# In the reaction in a closed vessel of calcium with oxygen, taken in the same mass ratios, 112 g of CaO was obtained

In the reaction in a closed vessel of calcium with oxygen, taken in the same mass ratios, 112 g of CaO was obtained. What substance and how many grams of it remained in excess after the reaction Decision:
M (CaO) = 56 g / mol;
M (O2) = 32 g / mol.
The reaction equation has the form:
2Ca + O2 = 2CaO
From the reaction equation it follows that to obtain 2 mol of calcium oxide, 2 mol of metallic calcium and 1 mol of oxygen are required.

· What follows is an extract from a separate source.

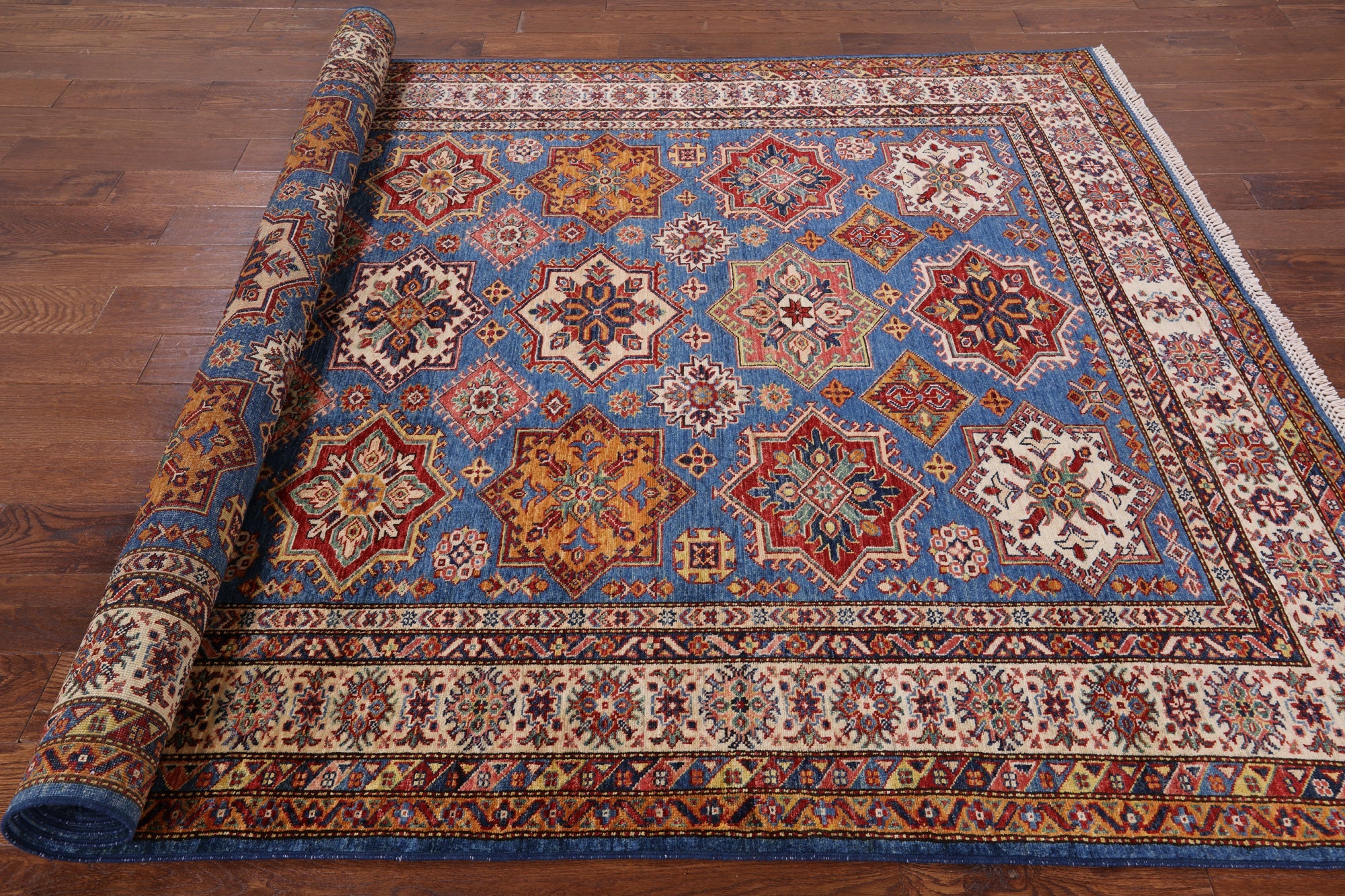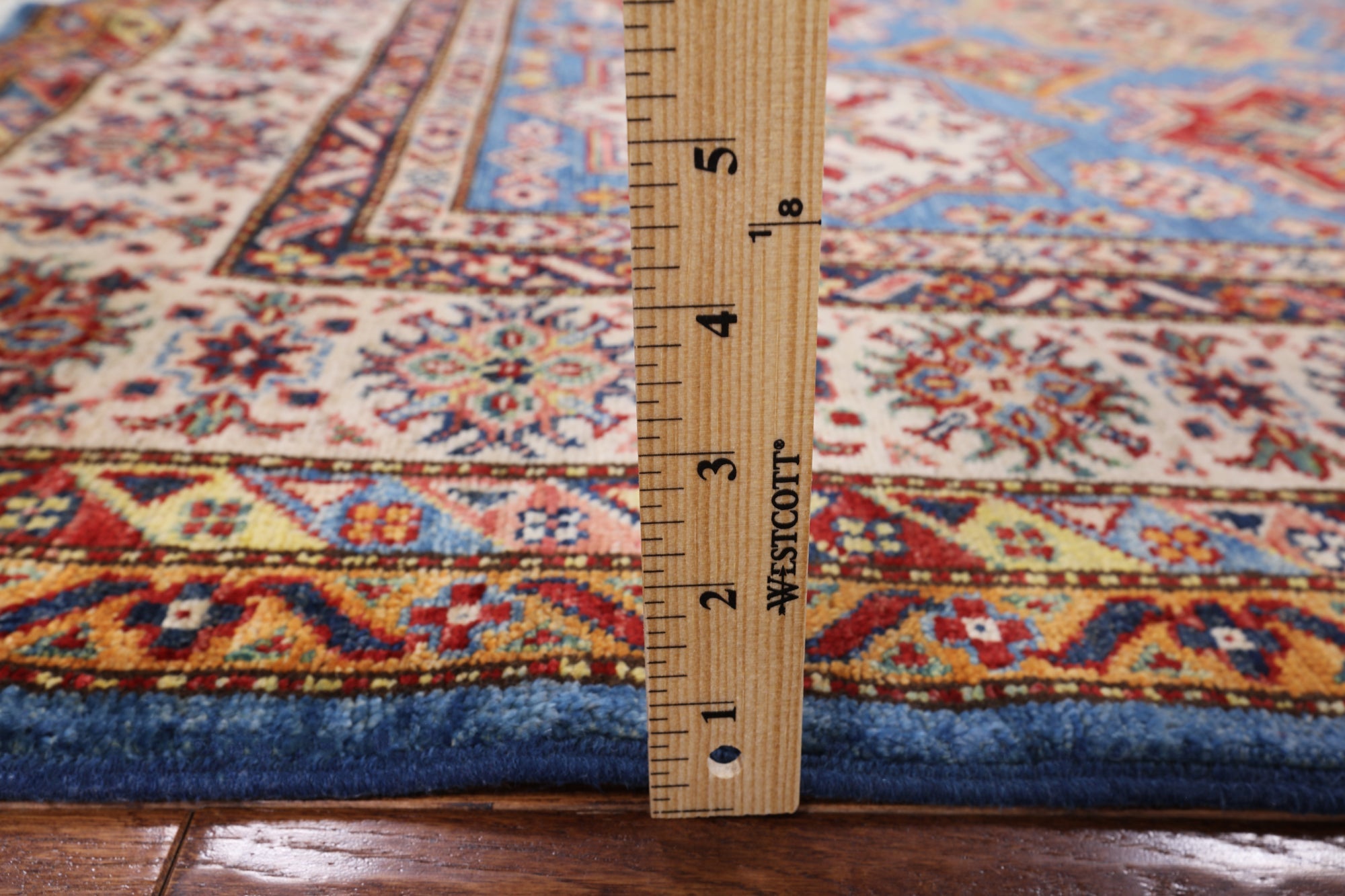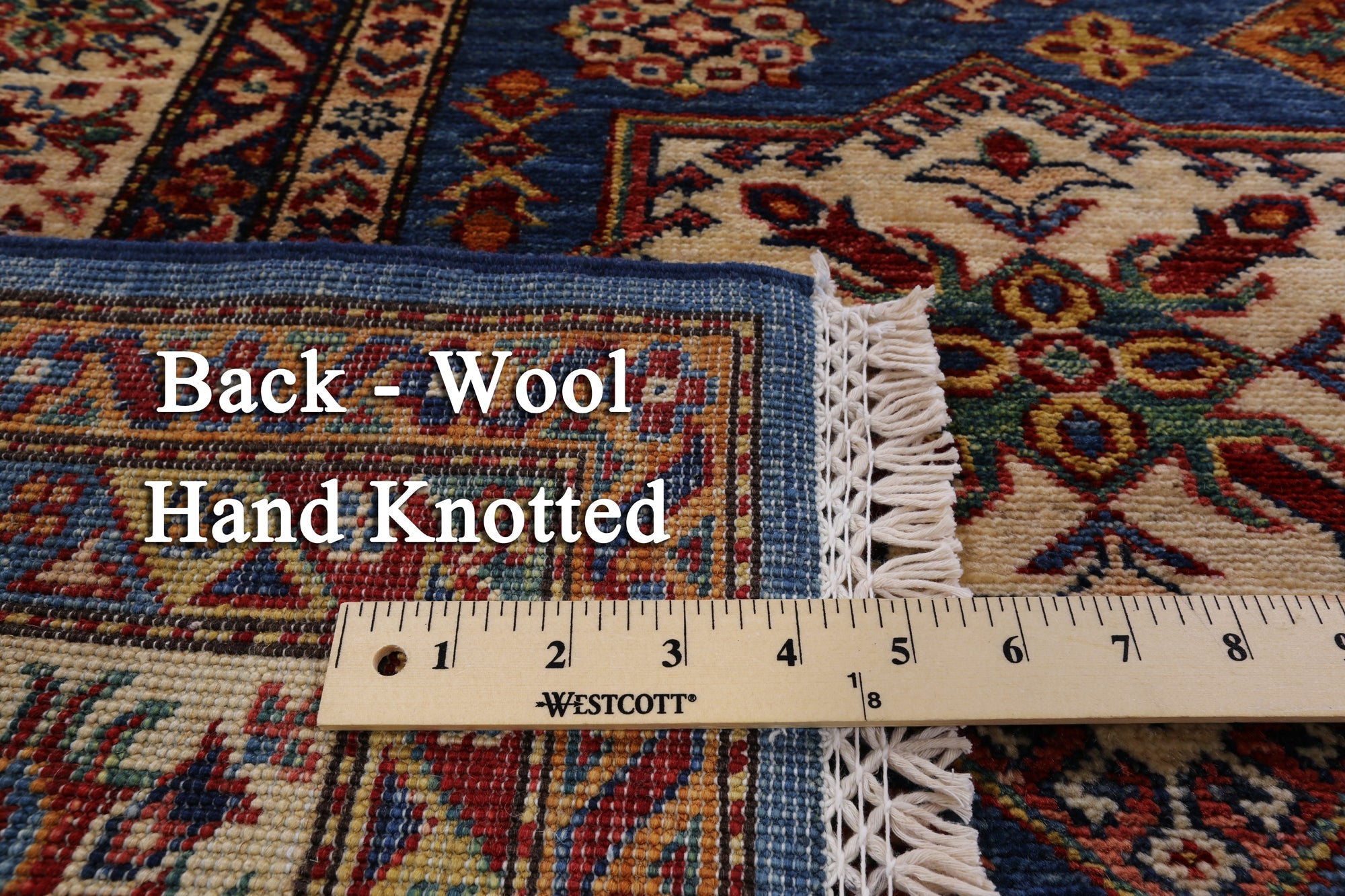 Blue Geometric Super Kazak Hand Knotted Area Rug 6' 3" X 9' 9" - P8986

Then the amount of calcium oxide obtained is equal to, we get:
n (CaO) = m (CaO) / M (CaO) = 112 g / 56 g / mol = 2 mol
So, to obtain 112 g (2 mol) of calcium oxide, 80 g (2 mol) of calcium metal and 32 g (1 mol) of oxygen were taken. Since the starting materials were taken in equal mass ratios, oxygen was taken in excess.
Calculates the remaining oxygen in the mixture, we get:
residue (O2) = m (Ca) – m (O2) = 80 g – 32 g = 48 g.
Answer: residual (O2) = 48 g. Remember: The process of learning a person lasts a lifetime. The value of the same knowledge for different people may be different, it is determined by their individual characteristics and needs. Therefore, knowledge is always needed at any age and position.